Victor Nopal Coello. Cimat, México
Construction of Herman n-rings from Siegel disk on C_p
Sala C506 (Construcción Civil 5to piso), Av. Vicuña Mackenna 4860, Macul, La Florida.
Abstract:
Let $R$ be a rational map of degree $d\geq 2$ with coefficients in the non-Archimedean field $C_p$, with $p$ a prime number. Assume that the Fatou set $F_R$ associated to $R$ contains an m-cycle of Siegel disk, say $D_1, D_2, ..., D_m$. In this talk I will explain how to build a racional map $Q$ of degree $d+1$ with coefficients on $C_p$ and such that $F_Q$ contains an $m$-cycle of Herman $n$-ring coming from the Siegel disks of $F_R$
2019-10-14
15:45-16:45hrs.
Van Tu Le. Imt, Francia
Fixed points of post-critically algebraic endomorphisms
Sala C506 (Construcción Civil 5to piso), Av. Vicuña Mackenna 4860, Macul, La Florida.
Abstract:
A holomorphic endomorphism of $\mathbb{CP}^n$ is post-critically algebraic if its critical hypersurfaces are periodic or preperiodic. This notion generalizes the notion of post-critically finite rational maps in dimension one. We will study the eigenvalues of the differential of such a map at its fixed points.
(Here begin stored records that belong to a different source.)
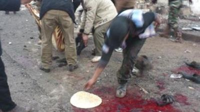 وأظهرت مقاطع مصورة نشرها نشطاء على الإنترنت عشرات الجثث المخضبة بالدماء ملقاة في الشارع بين الأنقاض والشظايا.
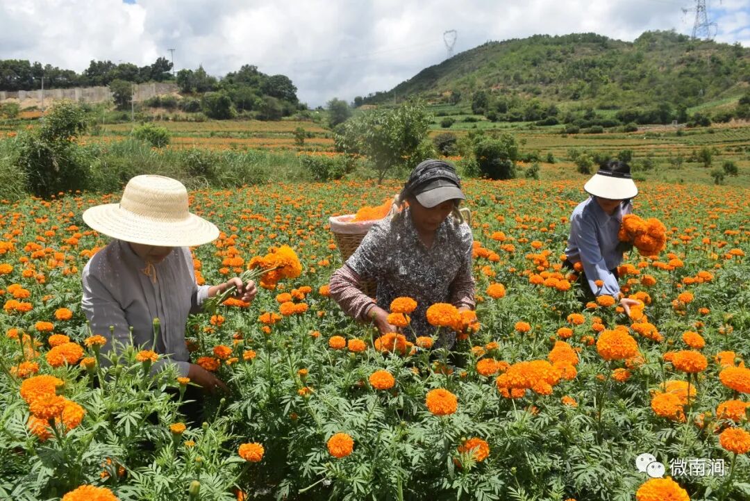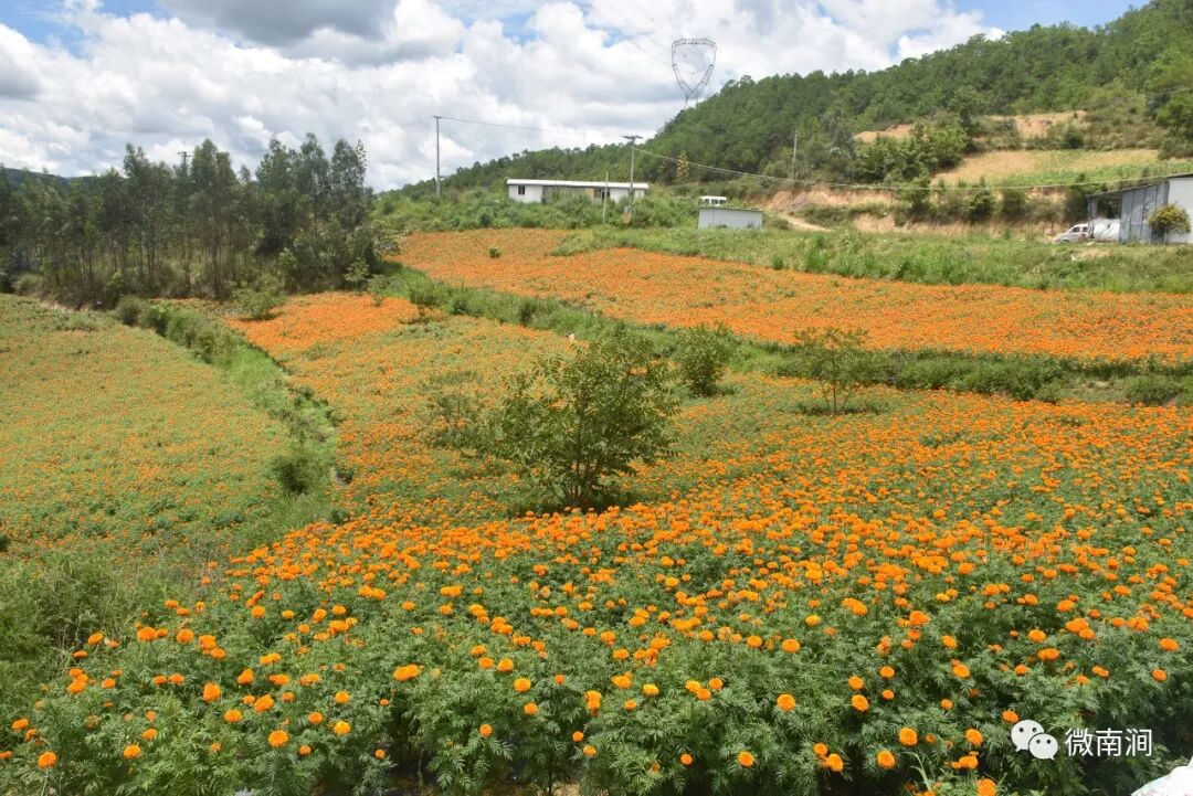 “经过科学管理,万寿菊长势喜人,目前,已经进入盛花期,万寿菊的花期长,一直要开到11月份。欢迎大家每周六约上三五好友,到米家禄村赶红兴集市、逛供销社、体验扎染、品羊汤锅、观万寿菊。”大理州中级人民法院驻米家禄村第一书记、乡村振兴驻村工作队队长何群站在万寿菊花海里推介道。
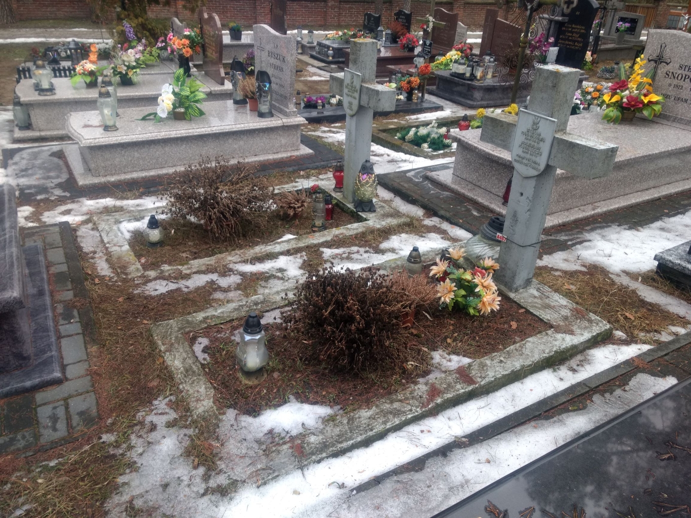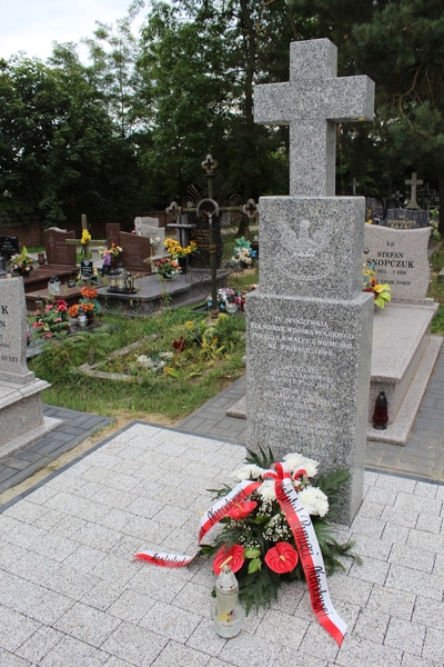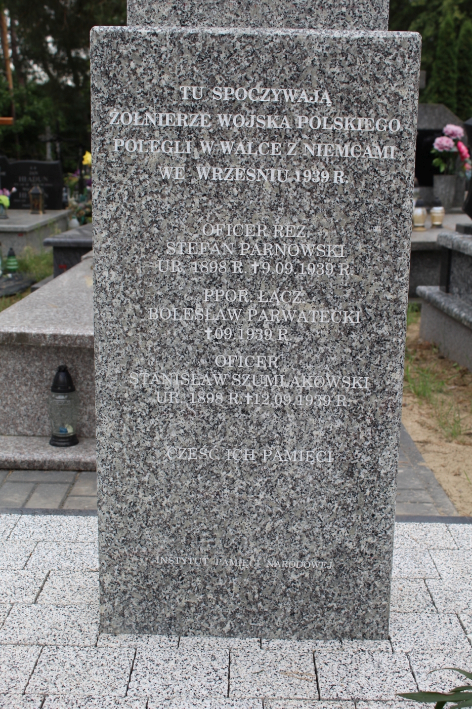 W mogile spoczywają: oficer rez. Stefan Parnowski, ppor. łącz. Bolesław Parwatecki, oraz oficer Stanisław Szumlakowski. Prace obejmowały rozebranie i usunięcie obrzeży oraz krzyży, wykonanie fundamentu, nowego pomnika z inskrypcją poświęconą poległym żołnierzom oraz wizerunkiem orła wojskowego (wzór z 1919 r.).
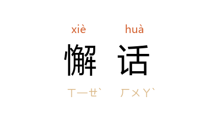 引明 单本 《蕉帕记·采真》:“正经话儿不曾讲得一句,怎么説这样懈话?”《初刻拍案惊奇》卷十:“子文 道:‘休得取笑!我是一贫如洗的秀才,怎承受得令爱起?’朝奉搊着眉道:‘如今事体急了,官人如何説此懈话?’”
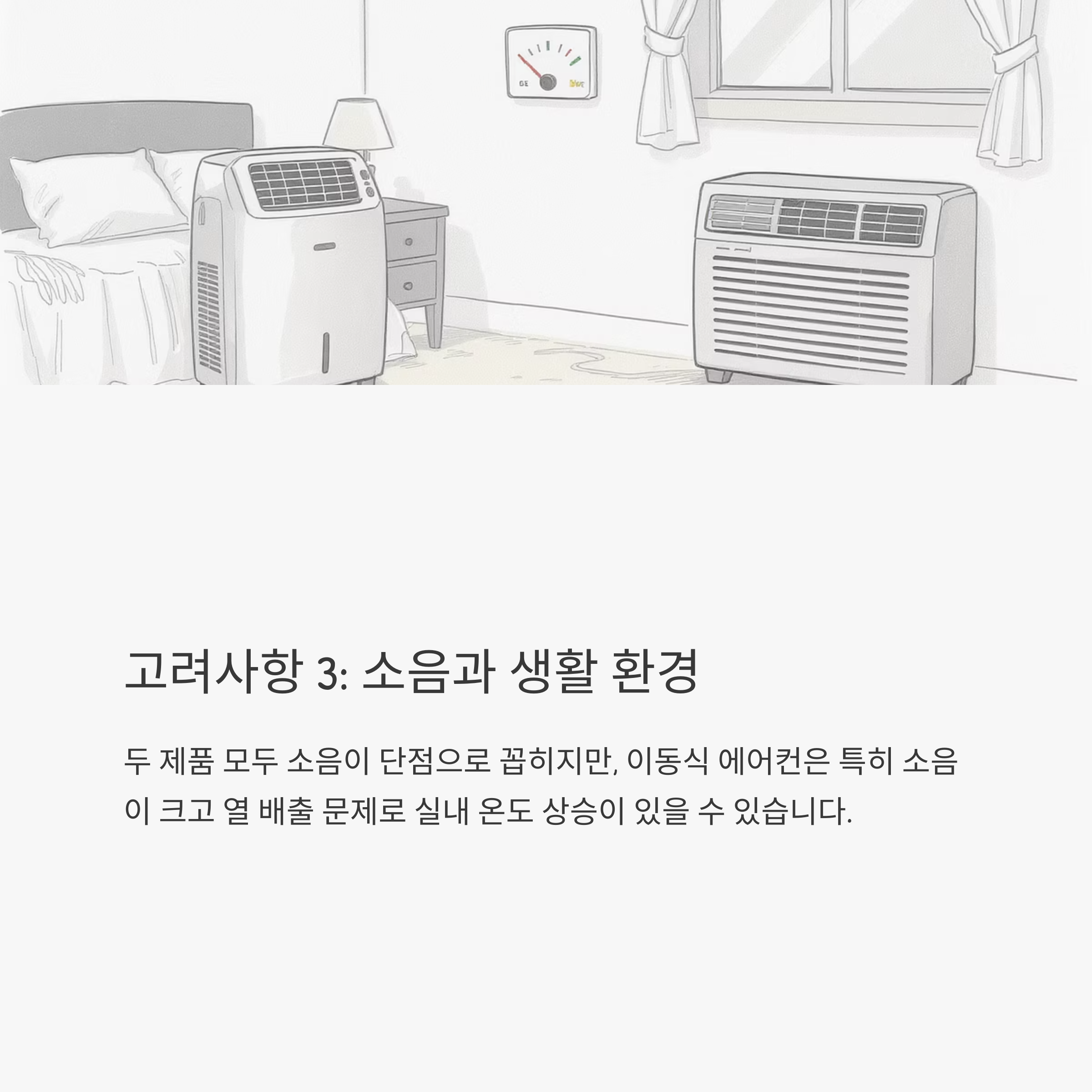 두 제품 모두 소음이 단점으로 꼽히지만, 이동식 에어컨은 특히 소음이 크고 열 배출 문제로 실내 온도 상승이 있을 수 있습니다. - 이동성과 유지 관리
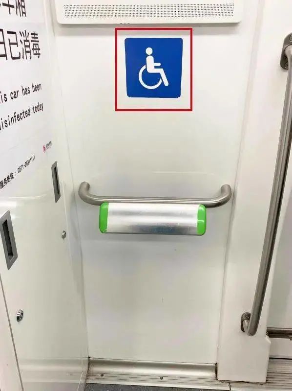 殘疾人專用靠扶位:為保障輪椅人士的乘車安全,每節(jié)列車車廂均設(shè)有專用靠扶位,并在對(duì)應(yīng)的屏蔽門(mén)設(shè)置無(wú)障礙標(biāo)識(shí)。
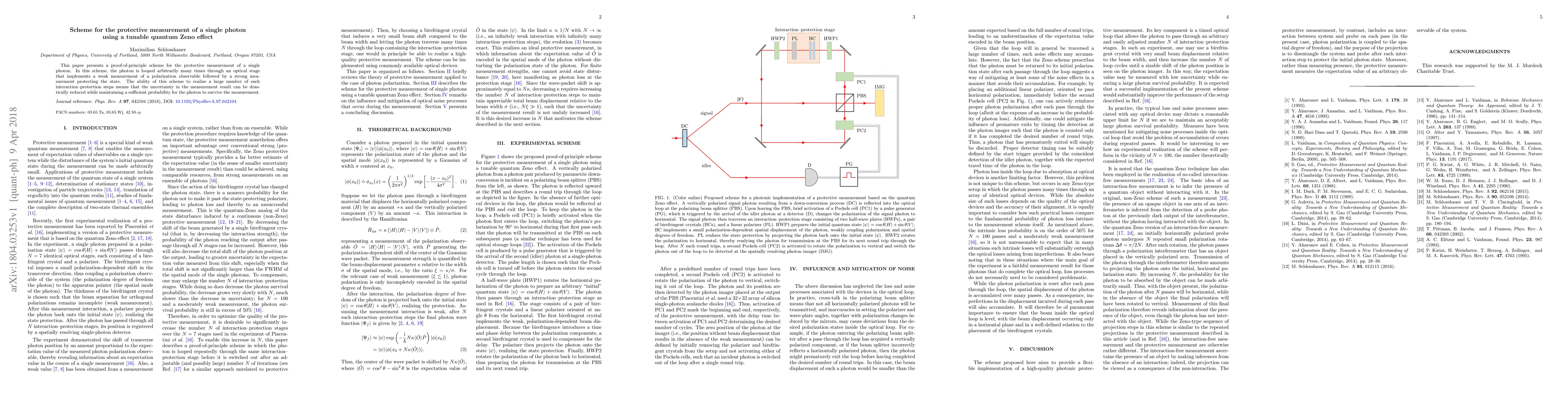 This paper presents a proof-of-principle scheme for the protective measurement of a single photon. In this scheme, the photon is looped arbitrarily many times through an optical stage that implements a weak measurement of a polarization observable followed by a strong measurement protecting the state. The ability of this scheme to realize a large number of such interaction-protection steps means that the uncertainty in the measurement result can be drastically reduced while maintaining a sufficient probability for the photon to survive the measurement.
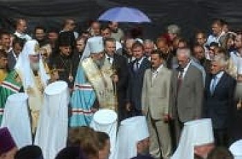 V.M. Lytvyn, Chairman of the Verkhovna Rada of Ukraine visited Solemn Public Prayer on Volodymyrivska Hirka in Kyiv that was also visited by Primate of the Orthodox Church in Russia, Patriarch of Moscow and All Russia Kirill and Primate of the Orthodox Church in Ukraine (Moscow Patriarchate) Volodymyr
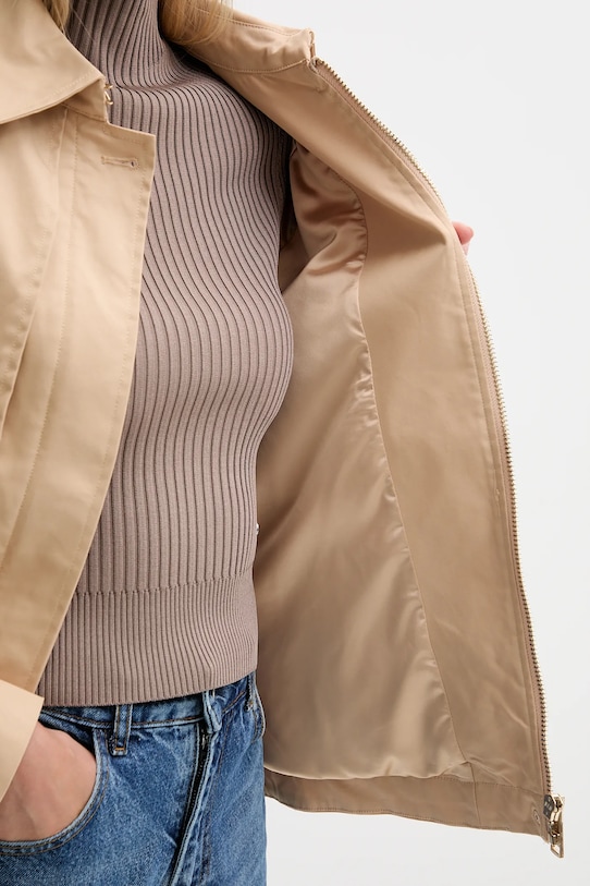 Куртка из коллекции Guess. Эта модель без подкладки выполнена из гладкой ткани. Модель выполнена из исключительно комфортного материала с высоким содержанием хлопка. Этот продукт частично изготовлен из сертифицированного органического хлопка, выращенного и собранного с растений, не содержащих ГМО, без использования удобрений и пестицидов. Процесс производства органического хлопка более экологичен, а изделия из него полезнее для здоровья. - Простой дизайн, не стесняющий движений. - Рукава реглан благодаря своей конструкции обеспечивают большую свободу движений. - Неутепленная модель с подкладкой. - Застежка-молния. - Модель с декоративными клапанами. - Модель с воротником. - Внешние карманы на молнии. - Пояс на талии. - Длина: 64 см. - Ширина под мышками: 53 см. - Размеры указаны для размера: S.
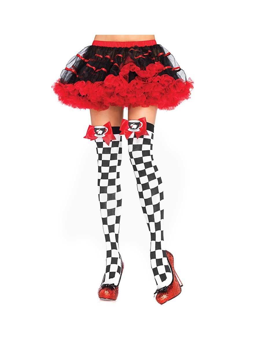 • Overknee strømper i sort-hvidt skakbrætmønster
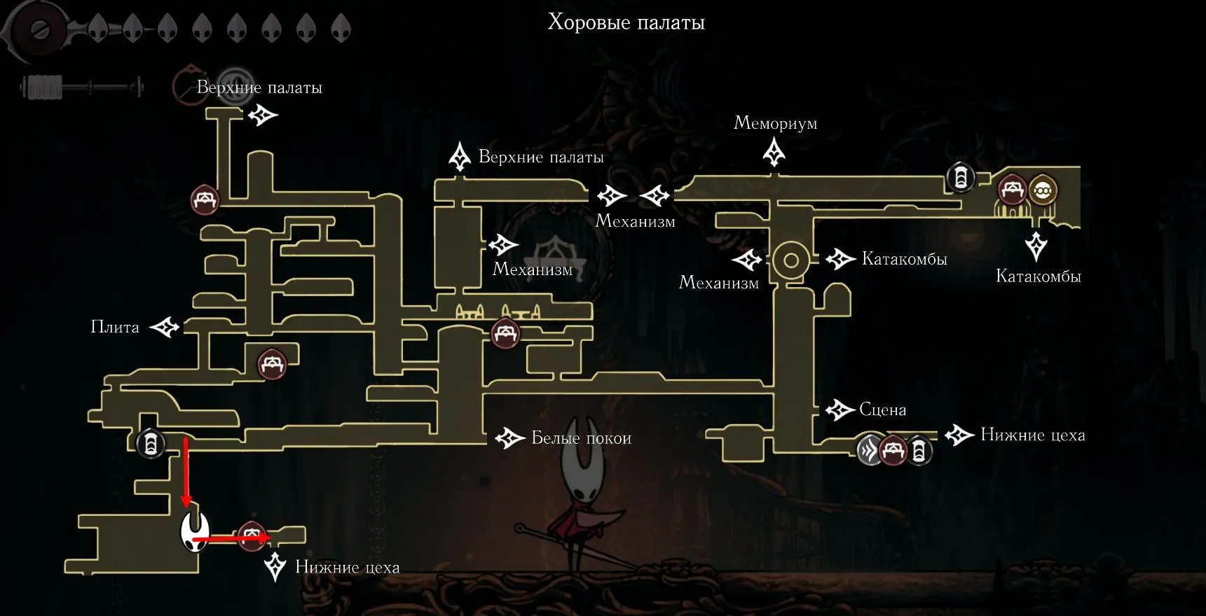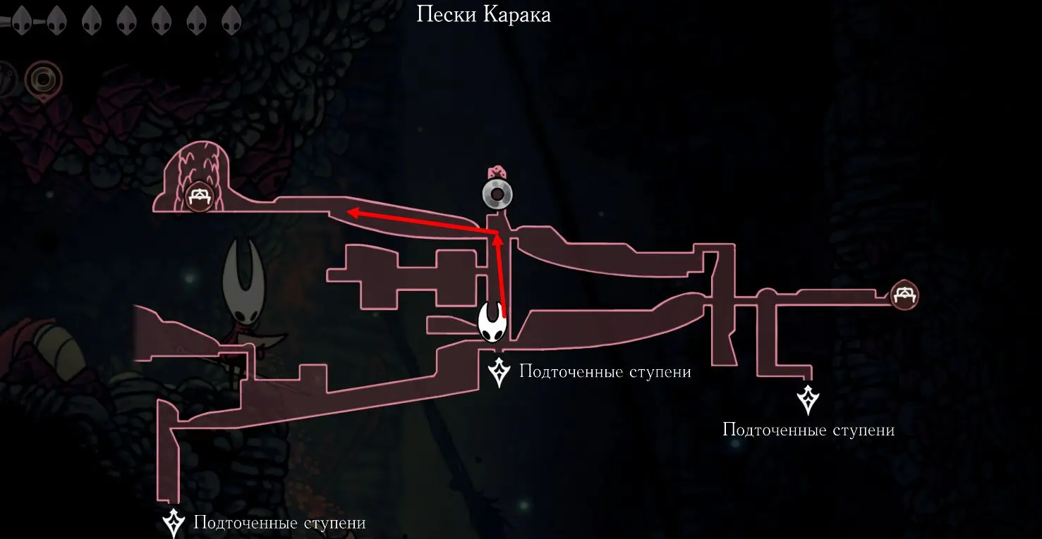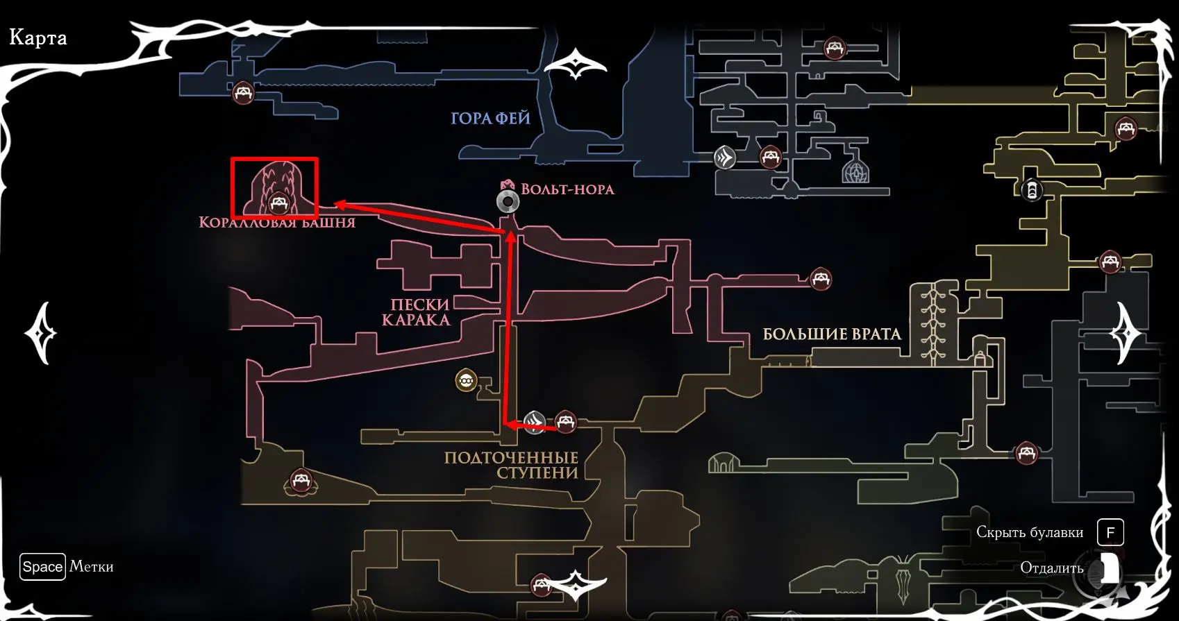 На вершине идем налево до Коралловой башни, мимо арены, где сражались с Коралловой мухой (очередной босс).

When $n=1$, a well-known fact is that the eigenvalue at a fixed point is either superattracting or repelling. We prove that when $n=2$ the eigenvalues are still either superattracting or repelling. This is an improvement of a result by Mattias Jonsson. When $n \geq 2$ and the fixed point is outside the post-critical set, we prove that the eigenvalues are repelling. This result improves one which was already obtained by Fornaess and Sibony under a hyperbolicity assumption on the complement of the post-critical set.
 
2019-10-07
15:30hrs.
Italo Cipriano. PUC
Construction of a noninvertible minimal map
Sala 1, PUC, Facultad de Matemáticas
Abstract:
In 1979 Susan Mary Rees (coauthor of prof Jan) wrote a construction of a noninvertible minimal map, answering a question by Furstenberg. One year earlier, she had finished her PhD thesis under the supervision of prof Bill Parry. The construction of Rees consists of a very clever ''surjery'' of a minimal homeomorphism of the 2-torus. Her paper is very hard to read and many steps were left to the reader. Surprisingly, the first reference to her work appeared only in 2001, since then it has been cited regularly. In this talk, I will speak about the main steps of the original construction by Rees, using as reference the paper of Kolyada, Snoha and Trofimchuk in 2001, where all the details of the proof were filled and the original construction was finally completed.